O homem ergue o olhar em direção à menina, que continua imóvel, observando-os.

- Você não acha que sua filha merece uma vida melhor do que esta? Na cidade ela terá comida, roupas, abrigo, amigos...

Um soco atinge seu rosto, fazendo-o tropeçar alguns passos para trás.

- Nunca mais fale de minha filha, está ouvindo?! Não meta ela nessa conversa!

Sem se irritar, Buer apenas sorri, massageando a bochecha com os dedos.

- Desculpe-me pelo inconveniente, Kali. Vou direto ao ponto, se preferir. O que acontece é que uma guerra civil está prestes a estourar, e eles querem o filho do Sacerdote para governá-los e tentar colocar as coisas nos eixos de novo. Por isso eu resolvi procurar Lúcio. – seus olhos varrem toda a extensão da praia – Mas tenho certeza que se ele estivesse aqui já teria aparecido a esta altura, não é verdade?
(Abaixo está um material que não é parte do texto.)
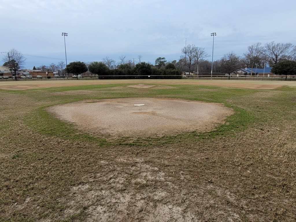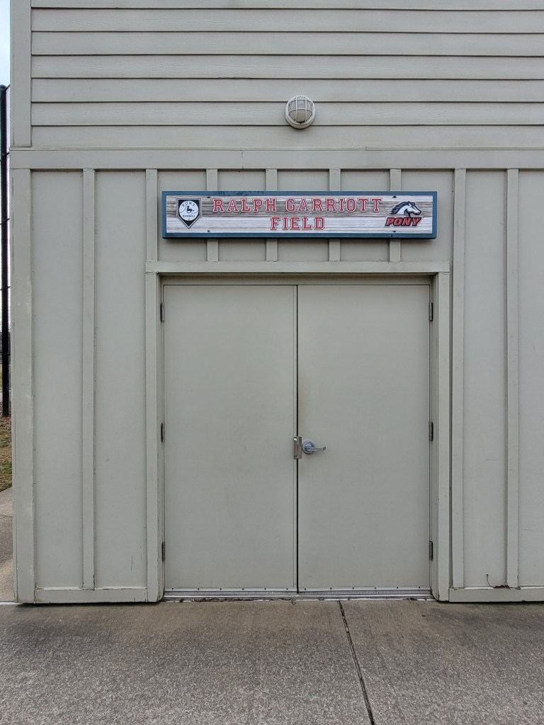 After a nice walk with the Weims around the circumference of the park, I took a few photos of the two baseball fields. The fields, part of the Kempsville Pony League, were in decent shape for winter. I’m guessing the local baseball moms and dads will be out soon to put up banners, line the basepaths, clean out the dugouts, rake the field, and prep the field for the 2024 season. As I was leaving, I snapped a photo of each press box so I could research the field’s namesakes – Ralph Garriot and Roland Hargrove.
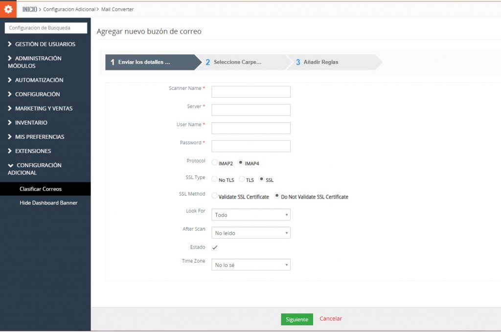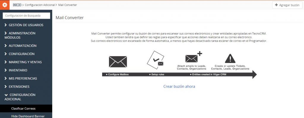 Configuración del CRM > Configuración Adicional > Clasificar Correos > Crear Buzón Ahora
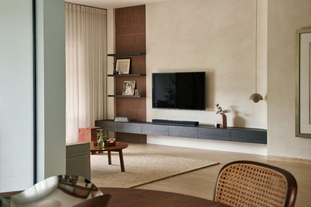 “We were mindful when developing the design to keep the material palette restrained,” explains Kelvin of his approach to evoke a sense of tranquillity and sophistication throughout the apartment. “Neutral, earthy tones helped set the stage for that, allowing vernacular elements to shine.”
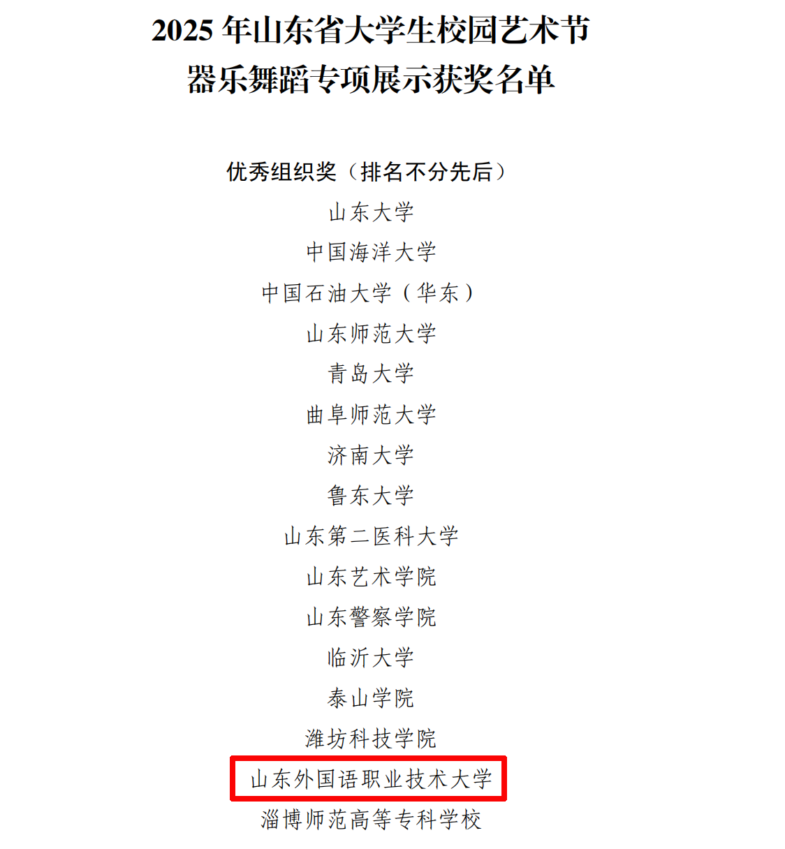 近日,省教育厅公布2025年山东省大学生校园艺术节器乐舞蹈专项展示活动获奖情况,山东外国语职业技术大学选送的4部作品全部获奖。其中,《秋日》《淡妆浓抹总相宜》获舞蹈甲组一等奖,器乐作品《天山之歌》获甲组二等奖,《唱支山歌给党听》获甲组三等奖,学校荣获“优秀组织奖”。
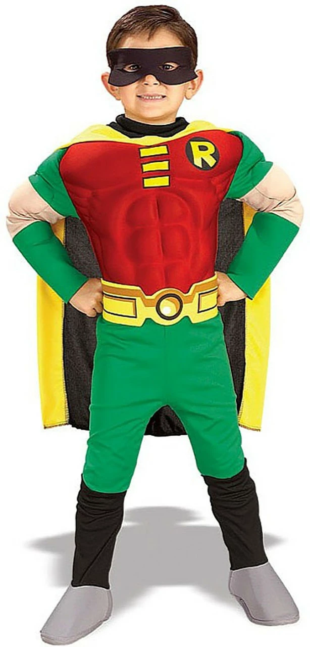 From the DC Comics superhero team, Robin Muscle Deluxe Costume will help transform your little tyke into his favourite teenage superhero. The Teen Titan Deluxe Robin Costume features an attractive muscle chest jumpsuit in Robin’s trademark colors , yellow and green, with touches of red and black here and there. A groovy black-and-yellow cape, an eye mask, a stylish belt, and snazzy boot tops are included. Help him play the superhero role to the max with the Teen Titan Deluxe Robin Costume.

- Ele precisou sair. – ela responde entredentes, contendo as emoções para não deixar nada transparecer – E não voltaria para aquele lugar, nem que sua vida dependesse disso. Não há nada para fazer aqui. Além do mais, ele não tem nenhum filho homem para suceder o Palácio.

Erguendo as sobrancelhas para a criança, Buer sorri.

- Sabe que, de longe, ela até parece um menino?    

- Sabe que, de longe, ela até parece um menino?